Figure 3:. Overview of technologies for barcoding single cells

a In plate, tube, microfluidicsor nanowell chip-based assays, single cells are dispensed into individual wells or tubes or captured in reaction chambers where library preparation and molecular barcoding are carried out. These approaches usually have low throughput but can yield high coverage libraries. Plate and tube-based assays are well suited for rare cell types or assays that require high coverage such as DNA methylation and single-cell Hi-C. Throughput for plate-based assays can be increased using liquid handling robotics. IFC: Integrated fluidic circuit b Droplet-based assays allow ten thousand cells or nuclei to be profiled in parallel (left). An initial sample indexing step allows sample multiplexing prior to loading. If samples are indexed at the fragment level, channels can be superloaded to enable profiling of large numbers of cells for one sample or multiplexing of many samples. If a droplet contains more than one nucleus, sequencing reads can be assigned to individual samples or sublibraries with the initial sample index sequence.(right). Both sample and cell barcodes are used to assign reads to specific cells or nuclei. c Single-cell combinatorial indexing (sci-) or split-pool barcoding assays provide very high scalability and enables sample multiplexing by introducing a sample barcode in the first indexing round. After each indexing step nuclei are pooled and distributed to another set of plates for a total of 2 or more rounds. The cell barcode is composed of the combination of indexes from each round. With automation this approach delivers high data quality and reproducibility. RT: reverse transcription.

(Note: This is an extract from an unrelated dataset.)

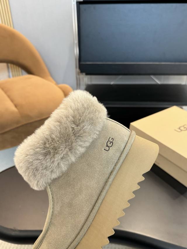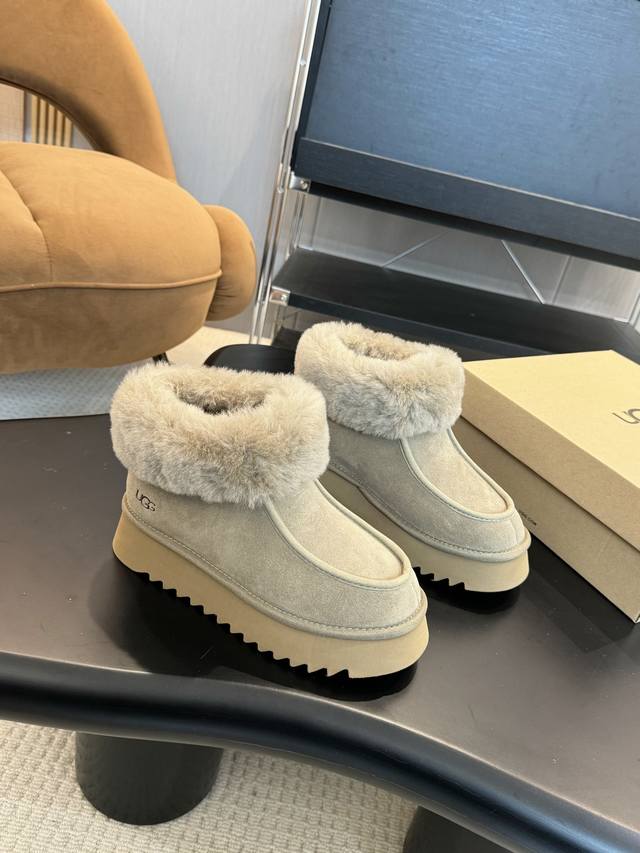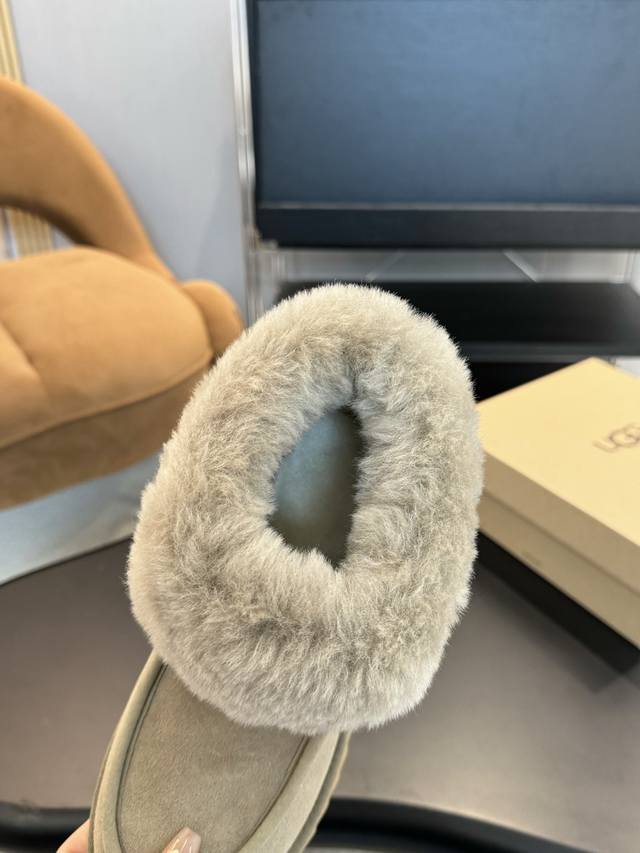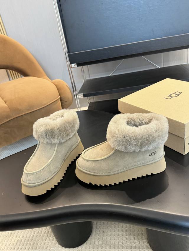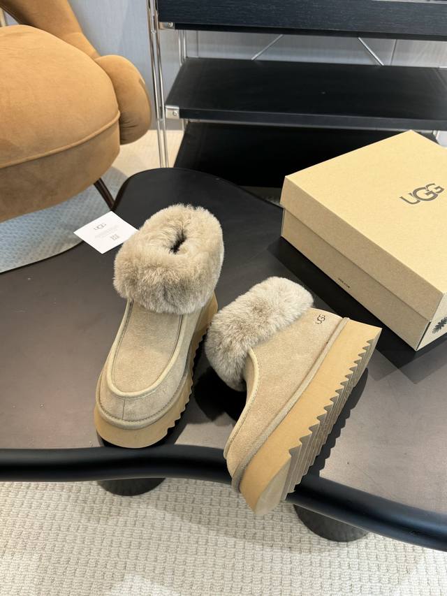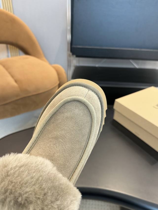 Ugg continues the ever-popular round toe design, adding a new non-slip washboard outsole. The dense, rounded collar is versatile. Look at the toe shape and lining of my dog; it took three months and multiple adjustments to achieve this. It features a cowhide suede upper, Longfeng sheepskin lining, 4.5mm outsole thickness, and is available in chestnut, mustard, and antelope brown colors. Sizes 35 to 40

Figure 4:. General workflow for analysis of single-cell epigenomics datasets

a After preprocessing and mapping, high quality nuclei or cells are detected using quality control criteria such as transcriptional start site enrichment (TSSe) for scATAC-seq, fraction of reads in peaks (FRiP) or the number of fragments/reads per nucleus. Next, a normalized cell-feature matrix is generated followed by dimension reduction and visualization in 2D space. Datasets from different modalities can be integrated to increase cell-type resolution and, if processing datasets from multiple experimental batches, batch correction might be necessary. b The nuclei are first grouped into clusters, then cell clusters with low quality or representing likely doublets are removed from downstream analysis. High quality clusters are annotated using, for example, high chromatin accessibility or low DNA methylation levels at marker gene loci. c Downstream analysis is exemplified for chromatin accessibility datasets. Reads from all nuclei from a cluster are combined to a cell-type-specific pseudobulk dataset to call peaks (triangles indicate signal pile-up and bold lines underneath tracks indicate peak regions) from scATAC-seq. Distal elements can be linked to target genes by assessing if two sites are accessible in the same cell (co-accessible sites are indicated by black arcs). If datasets were integrated with scRNA-seq data or data were generated using joint profiling of RNA and chromatin accessibility, accessibility of distal elements can be associated to putative target gene expression levels. To further characterize gene regulatory networks, cCREs are identified as peaks in each cell cluster followed by analysis of transcription factor motifs or footprints within the cCREs. Single-cell epigenomics data can also be used to generate pseudotime trajectories for analysis of developmental or cell state transitions. Here, computational integration or joint profiling of RNA and chromatin from the same cell can provide insight into the crosstalk and differences in timing between chromatin dynamics and gene expression changes.